Они сели в каком-то захолустном колхозе, где их приняли с чисто русским гостеприимством. Пока летчики с местными умельцами чинили самолет, колхозники пригласили иностранных гостей на импровизированный вечер самодеятельности, на котором колхозные девочки-пионерки прелестно танцевали и пели английские песни на английском языке. Все это, разумеется, никак не могло быть подстроено, поскольку это была совершенно незапланированная, вынужденная посадка, а неисправность в моторе первым заметил он сам.
То, что наши умельцы (не те, что помогали ремонтировать самолет, а те, что придумали и реализовали всю эту грандиозную липу) сумели втереть очки наивному настоятелю Кентерберийского собора, меня не удивило. И не такие простые задачи им приходилось решать. Но то, что такие умы, как Уэллс, Бернард Шоу, Роллан и Фейхтвангер, побывав в Советском Союзе, не углядели там того, о чем чирикали все воробьи на московских улицах, долгое время представлялось мне некоторой загадкой.
Особенно загадочным казалось поведение Фейхтвангера.
Представьте: горячий, искренний, убежденный, непримиримый, неподкупный, на весь мир прославленный антифашист, он приезжает в Москву 1937 года, где творятся дела куда пострашнее тех, что творили у себя дома гитлеровцы, — и всем своим моральным авторитетом освящает не только всю эту кровавую вакханалию, но и самого главного ее вдохновителя и творца.
Вот лишь несколько цитат из печально знаменитой книги Фейхтвангера «Москва 1937»:
► Народ говорит: Сталин, разумея под этим именем растущее процветание... Народ говорит: мы любим Сталина, и это является самым непосредственным, самым естественным выражением доверия к экономическому положению, к социализму, к режиму.
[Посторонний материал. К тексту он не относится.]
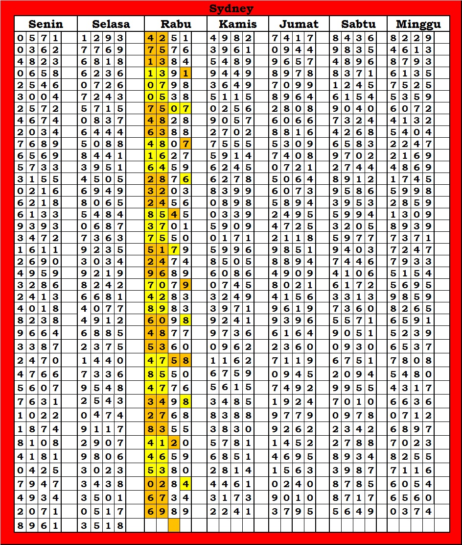 TABEL DATA SYDNEY VERSI 4D TAHUN 2009 HINGGA SEKARANG |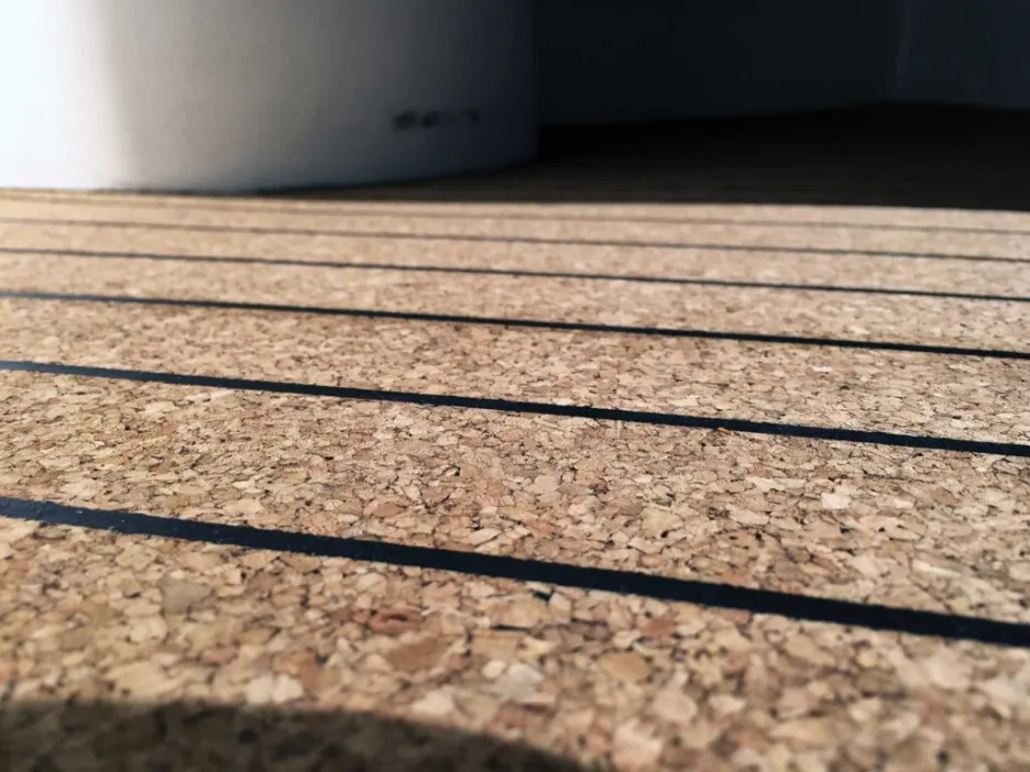 This concept is hardly new; cork has been used commercially for flooring in public spaces, like court buildings, colleges, and libraries, for well over 100 years. The cork itself is also sustainable and proper harvesting doesn’t damage the cork oak trees. Harvesting involves removing the outer layer of bark and letting the tree regenerate its protective layer over a period of at least nine years. Cork boat decking often uses high-quality ground scraps from wine cork manufacturing, making it a recycled material on top of that. The cork granules are combined with a synthetic binder and molded under pressure and heat to form the final product.
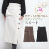 ボタンを並べたデザインがお洒落なポケット付きベルトスカート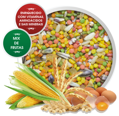 Frutas Desidratadas, Milho Laminado*, Farelo de Soja**, Soja Integral Extrusada**, DL-Metionina, Farelo de Arroz Intergral, Sorgo de Grãos, Aveia Descascada, Óleo de Soja Refinado**, Semente de Girassol, Grãos de Alpiste, Aromatizante, Fosfato Bicalcico, Calcário Calcítico, Sal Comum (Cloreto de Sódio), Sulfato Ferroso, Sulfato de Cobre, Sulfato de Manganês, Óxido de Zinco, Iodato de Cálcio, Selenito de Sódio, Vitamina A, Vitamina D, Vitamina E, Menadiona Bisulfito de Sódio, Tiamina (Vitamina B1), Riboflavina (Vitamina B2), Piridoxina (Vitamina B6), Vitamina B12, Niacina, Pantotenato de Cálcio, Ácido Fólico e Biotina.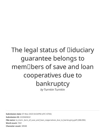 The Legal Status of Fiduciary Guarantee Belongs to Members of Save and Loan Cooperatives due to Bankruptcy.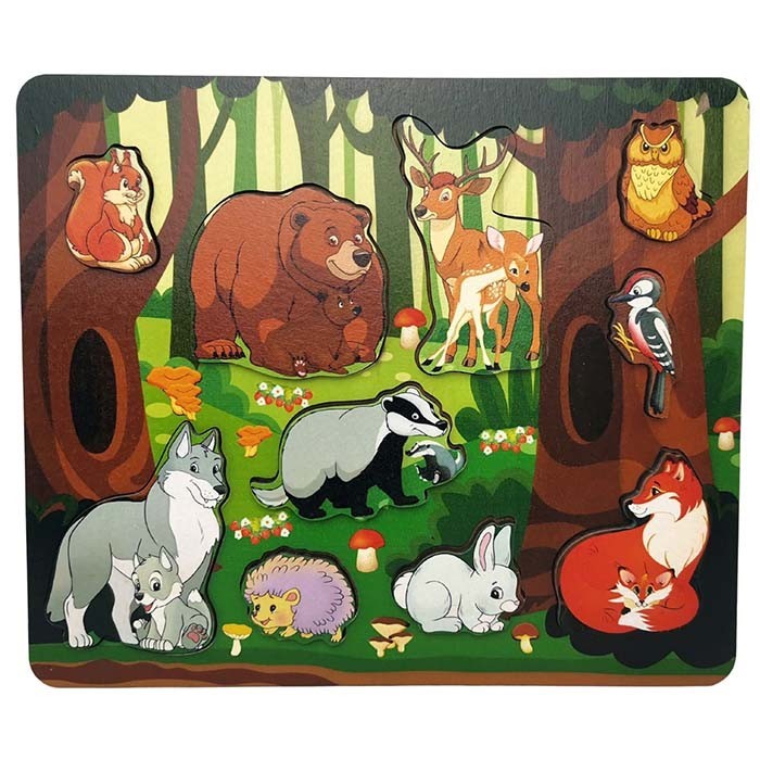 Игровой набор «Кто живет в лесу?»– это развивающая детская игра, которая обязательно понравится ребенку. Игрушка представляет собой деревянную доску с вырезанными фигурками, которые вынимаются из нее и вставляются обратно.

...Сталин действительно является плотью от плоти народа... Когда Сталин говорит со своей лукавой приятной усмешкой, со своим характерным жестом указательного пальца, он не создает, как другие ораторы, разрыва между собой и аудиторией, он не возвышается весьма эффектно на подмостках, в то время как остальные сидят внизу, — нет, он очень быстро устанавливает связь, интимность между собой и своими слушателями. Они сделаны из того же материала, что и он; им понятны его доводы...
Сталин говорит неприкрашенно и умеет даже самые сложные мысли выражать просто. Порой он говорит слишком просто, как человек, который привык так формулировать свои мысли, чтобы они стали понятны от Москвы до Владивостока...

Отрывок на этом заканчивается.